Compress your local LLM KV cache with 5.3× memory reduction and zero accuracy loss.

Package Name: llm-contextlens on PyPI

PyPI version

Python 3.10+ License: MIT

ContextLens is an open-source CLI tool that compresses the KV (Key-Value) cache of locally-running LLMs using the TurboQuant algorithm, achieving ~5-6× memory reduction with <1% accuracy loss.

🚀 Quick Start

Installation (Choose One Method)

Method 1: Using pipx (Recommended for CLI tools)

pipx install llm-contextlens

Method 2: Using pip with virtual environment

python3 -m venv ~/llm-contextlens-venv
source ~/llm-contextlens-venv/bin/activate
pip install llm-contextlens

Method 3: Direct pip install (if you get PEP 668 error, use --break-system-packages)

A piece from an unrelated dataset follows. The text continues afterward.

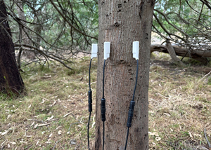 Sap flow occurs in the xylem of trees. Xylem is the wood inside trees that is a series of interconnected pipes, running from the roots to the leaves, where sap flows. Xylem is made up of heartwood and sapwood. The heartwood is the middle of the tree, usually darker in colour, and is a mechanical and storage wood. Sapwood is towards the outside of the tree and is usually cream in colour. Sap flow occurs in the sapwood of trees and this is where the Implexx Sap Flow Sensor sensor measures.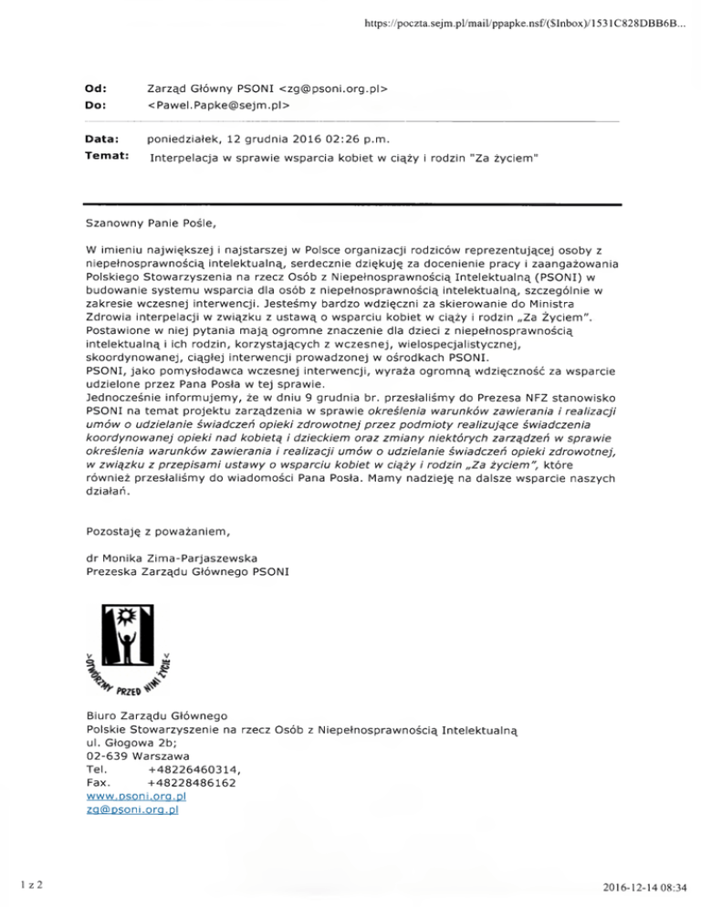 https://poczta.sejm.pl/mail/ppapke.nsf/($Inbox)/1531C828DBB6B... Od: Zarząd Główny PSONI <[email protected]> Do: <[email protected]> Data: poniedziałek, 12 grudnia 2016 02:26 p.m. Temat: Interpelacja w sprawie wsparcia kobiet w ciąży i rodzin "Za życiem" Szanowny Panie Pośle, W imieniu największej i najstarszej w Polsce organizacji rodziców reprezentującej osoby z niepełnosprawnością intelektualną, serdecznie dziękuję za docenienie pracy i zaangażowania Polskiego Stowarzyszenia na rzecz Osób z Niepełnosprawnością Intelektualną (PSONI) w budowanie systemu wsparcia dla osób z niepełnosprawnością intelektualną, szczególnie w zakresie wczesnej interwencji. Jesteśmy bardzo wdzięczni za skierowanie do Ministra Zdrowia interpelacji w związku z ustawą o wsparciu kobiet w ciąży i rodzin „Za Życiem". Postawione w niej pytania mają ogromne znaczenie dla dzieci z niepełnosprawnością intelektualną i ich rodzin, korzystających z wczesnej, wielospecjalistycznej, skoordynowanej, ciągłej interwencji prowadzonej w ośrodkach PSONI. PSONI, jako pomysłodawca wczesnej interwencji, wyraża ogromną wdzięczność za wsparcie udzielone przez Pana Posła w tej sprawie. Jednocześnie informujemy, że w dniu 9 grudnia br. przesłaliśmy do Prezesa NFZ stanowisko PSONI na temat projektu zarządzenia w sprawie określenia warunków zawierania i realizacji umów o udzielanie świadczeń opieki zdrowotnej przez podmioty realizujące świadczenia koordynowanej opieki nad kobietą i dzieckiem oraz zmiany niektórych zarządzeń w sprawie określenia warunków zawierania i realizacji umów o udzielanie świadczeń opieki zdrowotnej, w związku z przepisami ustawy o wsparciu kobiet w ciąży i rodzin „Za życiem", które również przesłaliśmy do wiadomości Pana Posła. Mamy nadzieję na dalsze wsparcie naszych działań. Pozostaję z poważaniem, dr Monika Zima-Parjaszewska Prezeska Zarządu Głównego PSONI Biuro Zarządu Głównego Polskie Stowarzyszenie na rzecz Osób z Niepełnosprawnością Intelektualną ul. Głogowa 2b; 02-639 Warszawa Tel. +48226460314, Fax. +48228486162 www.psoni.ora.pl [email protected] 1z 2 2016-12-14 08:34

pip install llm-contextlens --break-system-packages

Method 4: From source

git clone https://github.com/gauravbhatia4601/contextlens.git
cd contextlens
python3 -m venv venv
source venv/bin/activate
pip install -e .

Verify Installation

llm-contextlens --help

📋 Requirements

System Requirements

Component Minimum Recommended
RAM 8 GB 16+ GB
Python 3.10 3.11+
Storage 10 GB free 50+ GB free
GPU Optional NVIDIA with 8+ GB VRAM

Supported Runtimes

  • Ollama (v0.5+) - Fully supported
  • llama.cpp - Fully supported
  • HuggingFace Transformers - Fully supported

Supported Model Architectures

  • ✅ Llama 3, 3.1, 3.2 (all sizes)
  • ✅ Mistral, Mixtral (all sizes)
  • ✅ Phi-3 (mini, small, medium)
  • ✅ Gemma, Gemma2 (all sizes)
  • ✅ Qwen, Qwen2, Qwen2.5 (all sizes)
  • ✅ Yi, StableLM

🎯 What It Does

When running large models locally, two components consume RAM:

  1. Model weights — Already handled by GGUF/AWQ quantization (ContextLens does NOT touch this)
  2. KV cache — A tensor that grows with context length. A 70B model at 32k tokens needs ~48 GB of KV cache in FP16. This is what ContextLens compresses.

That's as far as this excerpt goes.